O Conselho Federal de Medicina (CFM) alerta para dois projetos de lei em tramitação no Congresso Nacional. Segundo a autarquia, as propostas podem criminalizar procedimentos médicos relacionados ao parto e prever penas de até 15 anos de prisão.
De acordo com o CFM, o PL 2.373/2023 e o PL 1.763/2025 podem gerar insegurança na assistência obstétrica. A entidade afirma que as decisões urgentes no momento do parto podem ser afetadas.
O conselheiro federal Ademar Augusto declarou que os projetos transformam atos médicos em potenciais crimes com base em conceitos vagos e subjetivos. “Na prática, isso cria um ambiente de insegurança na sala de parto e deixa mãe e bebê em situação de risco. Procedimentos e intervenções emergenciais podem ser criminalizados. Equipes com capacidade técnica para agir passarão a hesitar diante de condutas necessárias”, afirmou.
O CFM destaca que o Brasil já possui mecanismos legais para punir negligência, imprudência e imperícia.

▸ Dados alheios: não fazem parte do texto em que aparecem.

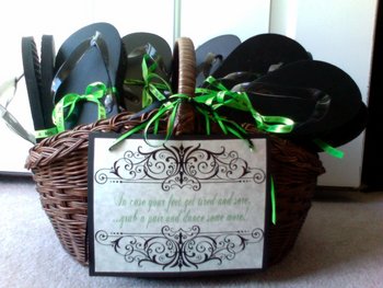 Have a basket of flip-flops in varying sizes with a sign that says "kick off your heels and enjoy some dancing." Your female guests will be thankful. *Photo courtesy of LIWeddings.
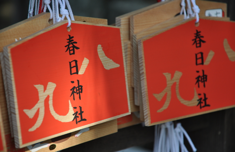 御祈祷を受けられた方には、写真のような「八九」の文字に色が抜かれた絵馬を授与しております。「八九」は「やく」と読み、厄が抜き落とされていることを意味しています。
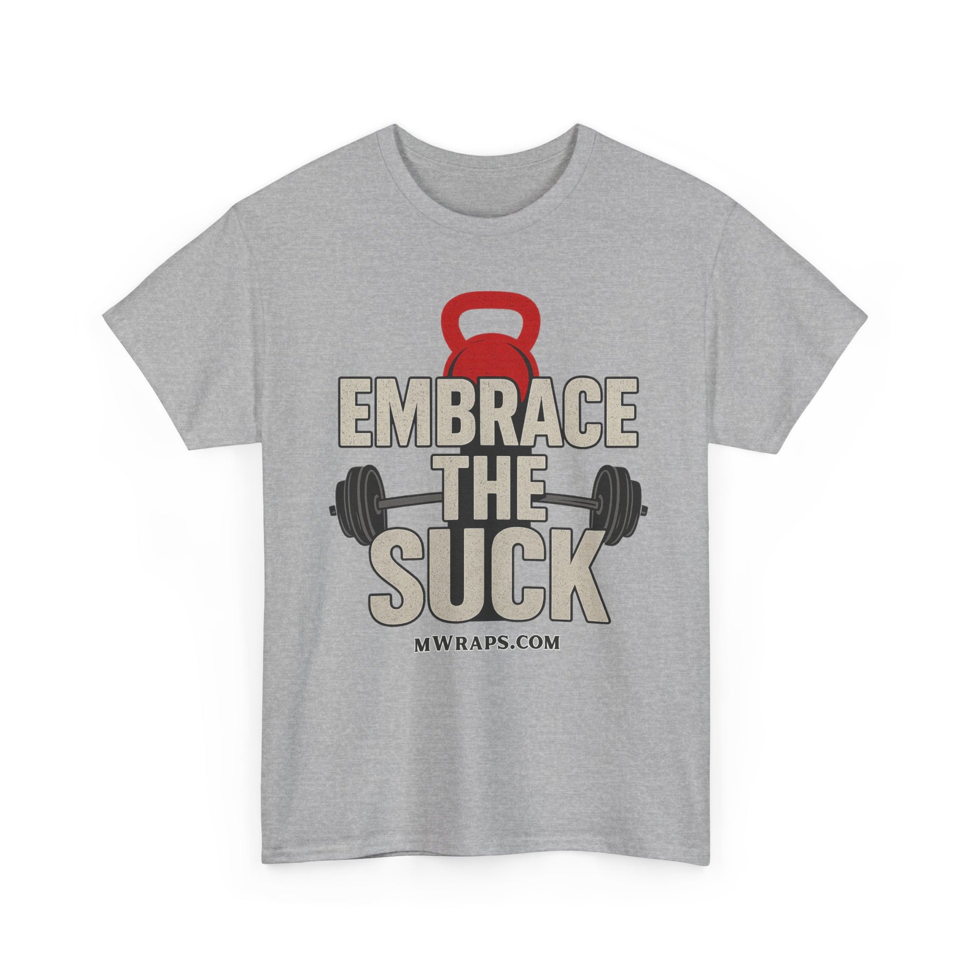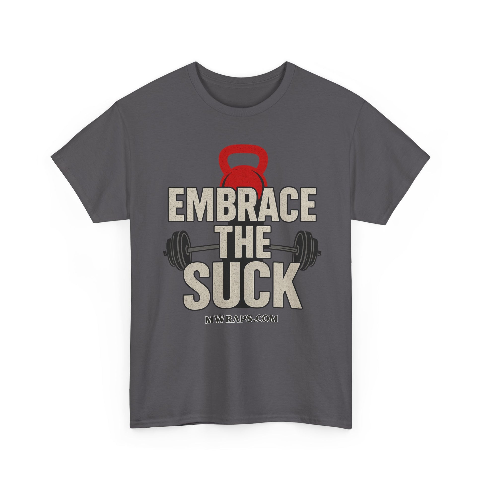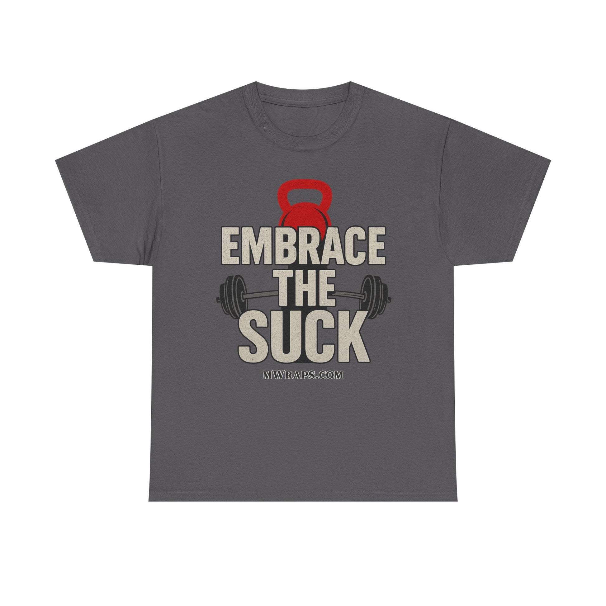 "Embrace The Suck" Gym T-Shirt – Motivational Workout Tee with Kettlebell & Barbell Graphic
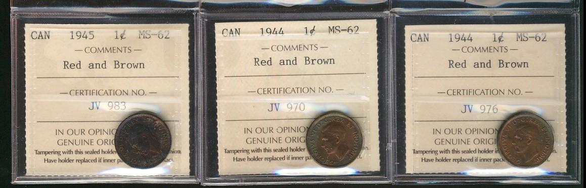 1944(2) & 1945 1¢ ICCS MS62RB. Lot of 3 coins.
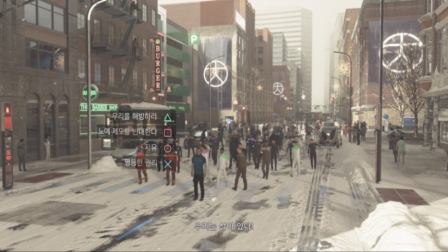 게임은 퀀틱 드림의 독창적인 기술을 활용하여 놀라운 그래픽과 사실적인 캐릭터를 구현했습니다. 얼굴 표정의 세세한 변화와 감정이 느껴지는 연출은 배우들의 모션 캡처를 통해 생생하게 전달됩니다. 도시의 모습과 각 장소의 분위기는 마치 영화의 한 장면처럼 플레이어를 몰입하게 만듭니다.
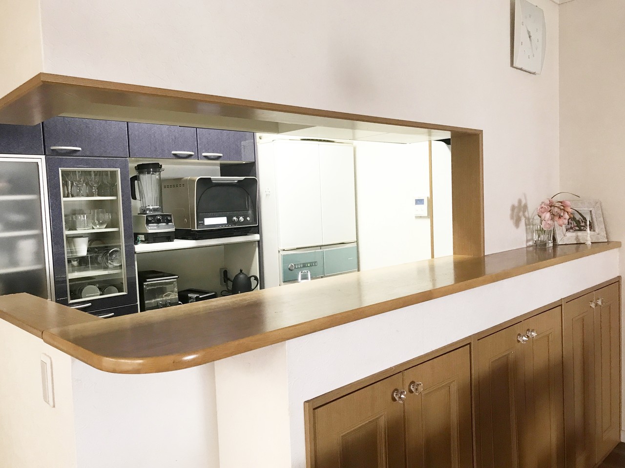 対面式のキッチンでカウンターがありますが、いつもカウンターの上はモノでいっぱいになってしまいます。
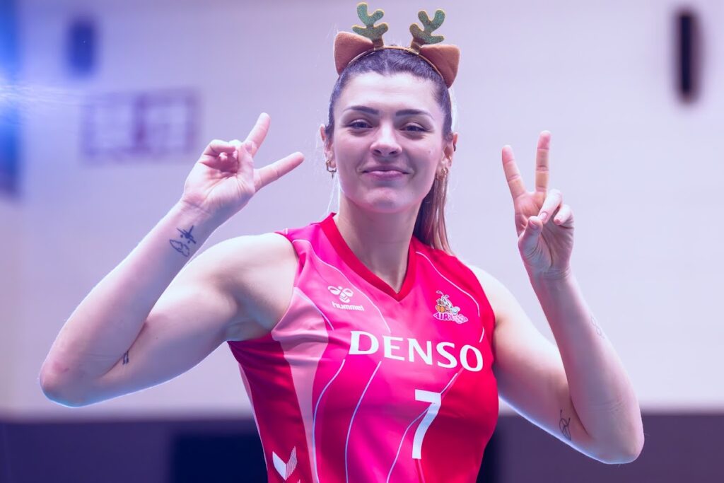 言わずと知れたバリバリのブラジル代表選手。2023/24シーズンから日本にやってきましたけれど、正直一シーズンだけだと思ってました。というのもシーズン終了後にはパリ五輪がありますし、代表選手招集のためにVリーグ(当時)は2月には終わるという短縮日程でしたから(その後にVCup開催)、普段5月近くまでやっている欧州より休みも多い。そんな調整という形で来たのかな…と。何せバリバリのブラジル代表選手ですから、そんな選手がこう言っては何ですがわざわざ日本を選ぶなんて、そんな理由しか思いつかなかったわけです。

Para a autarquia, a criação de novos tipos penais não amplia a proteção à mulher e pode comprometer o acesso à assistência segura.

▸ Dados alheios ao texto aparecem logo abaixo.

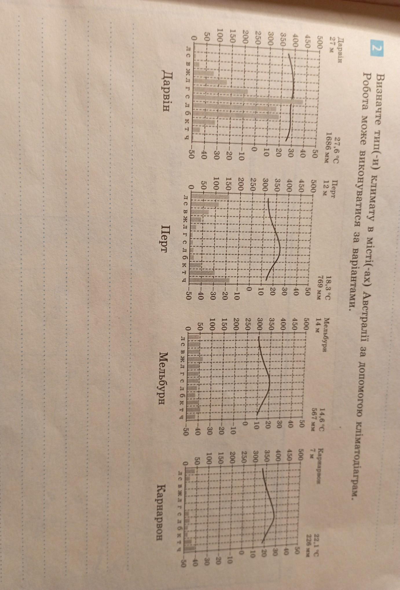 Судячи з даних кліматодіаграм, зокрема показників температури і кількості опадів по місяцях можно визначити типи клімату в запропонованих містах Австралії.
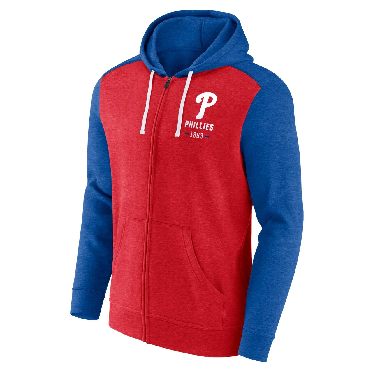 Men’s Philadelphia Phillies Fanatics Branded Heather Red/Heather Royal Blown Away Full-Zip Hoodie
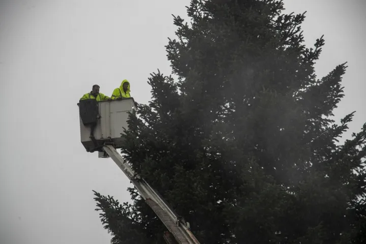 Με ειδικό γερανοφόρο όχημα κλιμάκιο του δήμου έστησε το δέντρο και τις επόμενες ώρες θα προχωρήσει στον στολισμό και την τοποθέτηση λαμπιονιών.
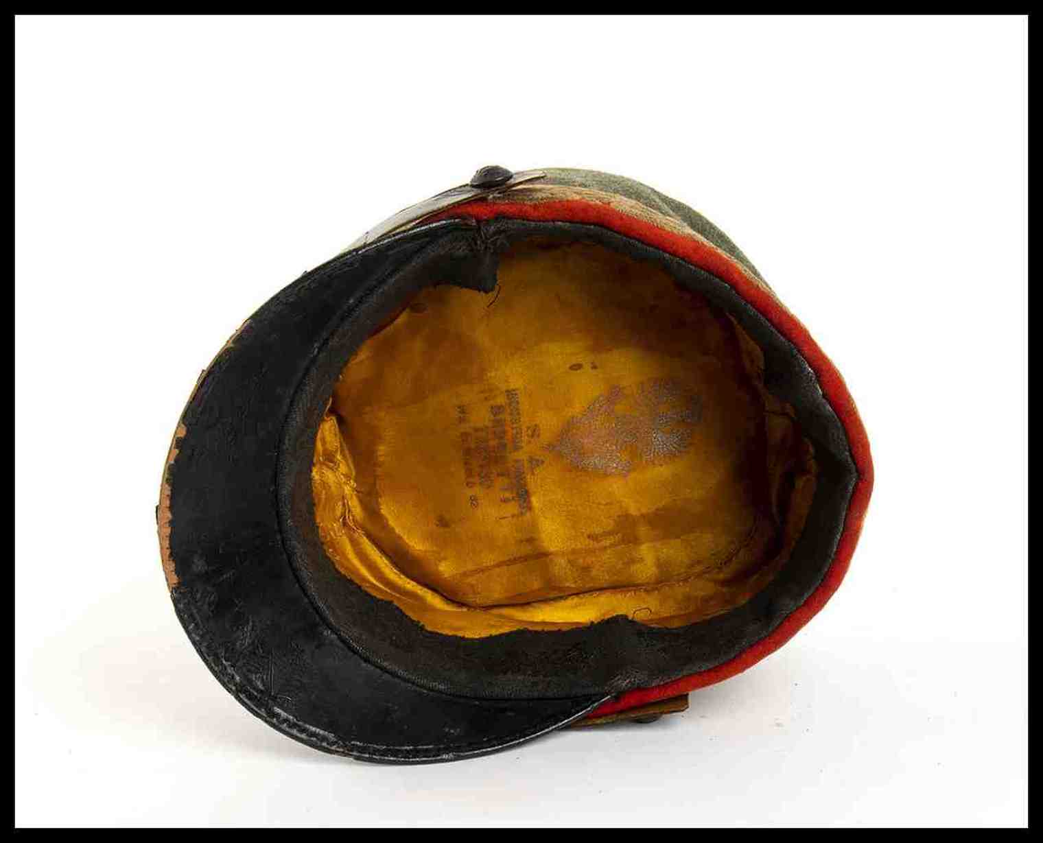 in panno di lana con greca in ricamo di cotone su panno rosso, aquila in filo, visiera di cuoio nero bordata, interno di cotone, ottimo stato

O conselho também se posicionou de forma contrária aos projetos. “Criminalizar a obstetrícia compromete a atuação médica e coloca em risco toda a sociedade. Proteger a mulher e o bebê é garantir acesso à assistência qualificada, com equipes capacitadas e responsabilidade técnica para agir com segurança”, concluiu Ademar Augusto.
O CFM disponibilizou um vídeo com a posição oficial sobre o tema. O conteúdo pode ser acessado no site da entidade.